Qualquer outro naquela situação não teria pensado duas vezes antes de afastar-se do pássaro ou expulsá-lo dali. Harry, no entanto, estava sendo arrebatado por memórias sombrias de infância ao fitá-lo, recordando-se de um tempo em que o sentimento que lhe subia ao peito ao olhar para estas criaturas era o de admiração e curiosidade, e não o de temor e desdém.

Acontece que Blackwood Hall costumava a ser frequentemente visitada por corvos no passado. O tataravô do Conde era obcecado por corvos e os criava como bichos de estimação numa antiga propriedade de família no campo. Seus pais não apreciavam esta história e todas as informações que ele aprendeu ao longo dos anos acerca deste bizarro interesse de seu antepassado fora através de pesquisas que ele mesmo fez nos poucos registros que haviam restado em memória do mesmo. Harry lera certa vez o velho diário rasgado que seu tataravô, nas vezes que passava temporadas na capital, ordenava que os criados deixassem uma porção do lixo acumulado nos fundos da propriedade só para que os pássaros pretos pudessem encontrá-lo. Diz-se até que o homem passava horas em companhia dos bichos e que tentava trazê-los para dentro da mansão por mais que a esposa o proibisse todas as vezes.

Era um hábito desprezível e inconveniente que a família nunca compreendeu e que lutava para abafar, em recusa a perda da relevância e do prestígio que o nome Styles carregava, motivo esse pelo qual havia tão pouco e falava-se tão pouco sobre o sujeito.
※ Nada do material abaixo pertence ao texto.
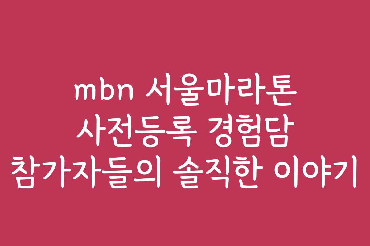 키워드: mbn 서울마라톤, 사전등록 경험담, 마라톤 참가 후기, 등록 팁, 이벤트, 서울마라톤, 러너 경험, 등록 정보, 마라톤 절차, 사전 준비, 건강 상태

Havia qualquer traço de insanidade nele, algum tipo de loucura da mente.

Harry tinha onze anos de idade quando ouviu o nome do tataravô pela primeira vez. Seu pai estava no escritório que agora lhe pertencia conversando com sua mãe e a porta estava entreaberta. Ele não queria escutar, de fato não havia feito de propósito pois não era e nunca havia sido do tipo bisbilhoteiro, mas por mais que fosse um menino muito bem educado e cortês, não pôde controlar a curiosidade que queimara em seu peito ao ouvir o nome sendo exclamado com tanta desfaçatez na severa voz de seu progenitor.

― Está acontecendo outra vez. A maldita doença de Alfred Crow voltou para nos assombrar.

Ele se lembrava que o pai soava preocupado de uma forma alarmante e exaltada que normalmente reservava para os malfeitos de seu irmão caçula, Logan. Ele não sabia sobre o que seus pais estavam conversando, mas compreendera que era algo grave e que haveria sérios problemas caso fosse pego escutando atrás da porta.